3. compare with the polyolefine foam with the radiation crosslinked polyolefin high-elasticity foam of multiple, flexibility is better, and hardness is lower; And this product skinning, thickness is controlled easily, but continuous advance, production efficiency is high.
Embodiment
The below is described in further detail more excellent embodiment of the present invention:
Embodiment 1: take by weighing 64 parts of major ingredient ethylene-octene copolymers, 28 parts of ethylene-vinyl acetate copolymers, 5 parts of Cellmic C 121s, banburying in 100 ℃ of Banbury mixeies adds after the major ingredient fusion: 1 part of Zinic stearas, four [β-(3, the 5-di-tert-butyl-hydroxy phenyl) propionic acid] 0.5 part of pentaerythritol ester, 1 part of thio-2 acid 2 stearyl ester, 0.5 part of polyethylene wax, temperature-resistant, after fusing, in tablets press, cause particle stand-by; Under 110 ℃, to the master batch extrusion sheet that makes in the described granulation step; The rumbatron that with energy is 2.5eV shines described sheet material; In horizontal stove, the described sheet material after radiation is carried out continuous foamed processing with 210 ℃ temperature, just can make required radiation crosslinked polyolefin high-elasticity foam.
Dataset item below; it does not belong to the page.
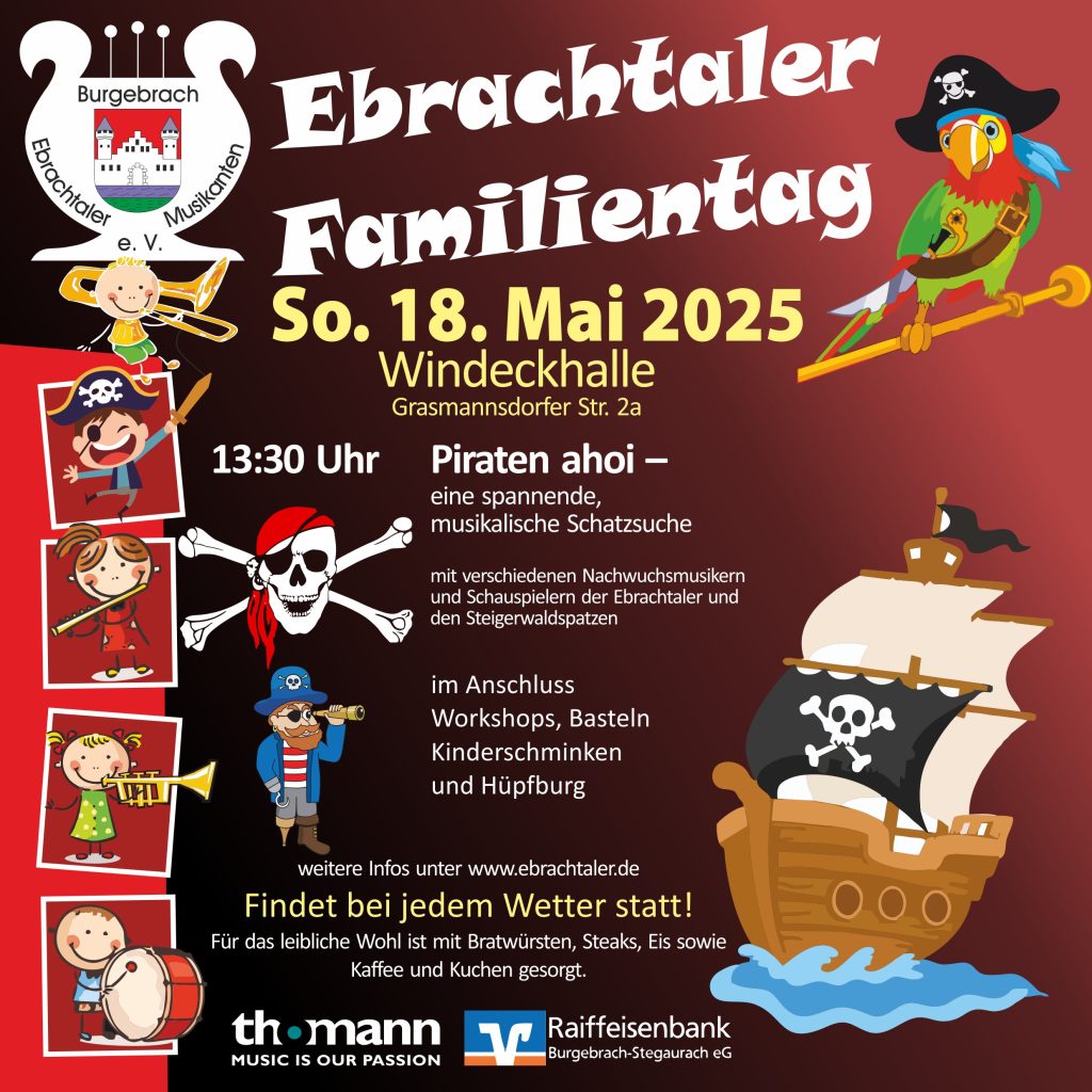 Die Nachwuchsmusikerinnen und Musiker präsentieren direkt zu Beginn in der Windeckhalle eine spannende, musikalische Schatzsuche mit dem Titel: Piraten ahoi! Unterstützt werden sie hierbei von einigen Schauspielern aus verschiedenen Gruppen der Ebrachtaler und vom Kinderchor Steigerwaldspatzen.

Embodiment 2: take by weighing 63 parts of major ingredient ethylene-octene copolymers, 27 parts of ethylene-vinyl acetate copolymers, 5 parts of Cellmic C 121s, banburying in 100 ℃ of Banbury mixeies adds after the major ingredient fusion: 1 part of Zinic stearas, four [β-(3, the 5-di-tert-butyl-hydroxy phenyl) propionic acid] 1 part of pentaerythritol ester, 2 parts of thio-2 acid 2 stearyl esters, 1 part of polyethylene wax, temperature-resistant, after fusing, in tablets press, cause particle stand-by; Under 110 ℃, to the master batch extrusion sheet that makes in the described granulation step; The rumbatron that with energy is 2.5eV shines described sheet material; In horizontal stove, the described sheet material after radiation is carried out continuous foamed processing with 210 ℃ temperature, just can make required radiation crosslinked polyolefin high-elasticity foam.
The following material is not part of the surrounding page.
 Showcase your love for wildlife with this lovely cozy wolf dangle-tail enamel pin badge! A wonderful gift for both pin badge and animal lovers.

Embodiment 3: take by weighing 60 parts of major ingredient ethylene-octene copolymers, 30 parts of ethylene-vinyl acetate copolymers, 7 parts of Cellmic C 121s, banburying in 100 ℃ of Banbury mixeies adds after the major ingredient fusion: 1 part of Zinic stearas, four [β-(3, the 5-di-tert-butyl-hydroxy phenyl) propionic acid] 0.5 part of pentaerythritol ester, 1 part of thio-2 acid 2 stearyl ester, 0.5 part of polyethylene wax, temperature-resistant, after fusing, in tablets press, cause particle stand-by; Under 110 ℃, to the master batch extrusion sheet that makes in the described granulation step; The rumbatron that with energy is 2.5eV shines described sheet material; In horizontal stove, the described sheet material after radiation is carried out continuous foamed processing with 210 ℃ temperature, just can make required radiation crosslinked polyolefin high-elasticity foam.
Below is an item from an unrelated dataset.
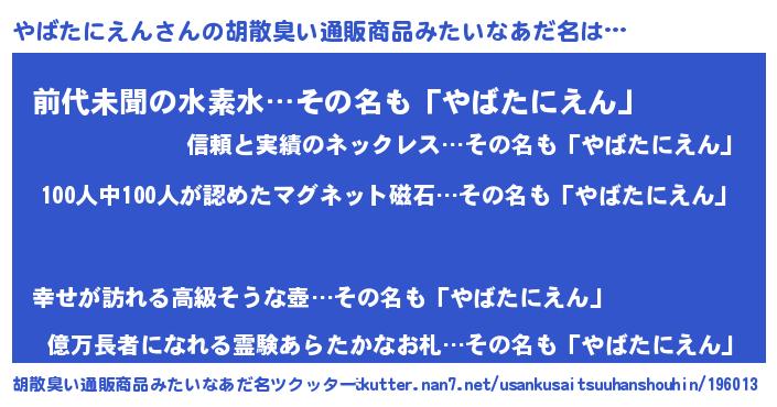 | ヘコむあだ名 | 『やばたにえん(笑)』『やばもー』 |

Embodiment 4: take by weighing 65 parts of major ingredient ethylene-octene copolymers, 25 parts of ethylene-vinyl acetate copolymers, 6 parts of Cellmic C 121s, banburying in 100 ℃ of Banbury mixeies adds after the major ingredient fusion: 1.7 parts of Zinic stearass, four [β-(3, the 5-di-tert-butyl-hydroxy phenyl) propionic acid] 0.5 part of pentaerythritol ester, 1 part of thio-2 acid 2 stearyl ester, 0.8 part of polyethylene wax, temperature-resistant, after fusing, in tablets press, cause particle stand-by; Under 110 ℃, to the master batch extrusion sheet that makes in the described granulation step; The rumbatron that with energy is 2.5eV shines described sheet material; In horizontal stove, the described sheet material after radiation is carried out continuous foamed processing with 210 ℃ temperature, just can make required radiation crosslinked polyolefin high-elasticity foam.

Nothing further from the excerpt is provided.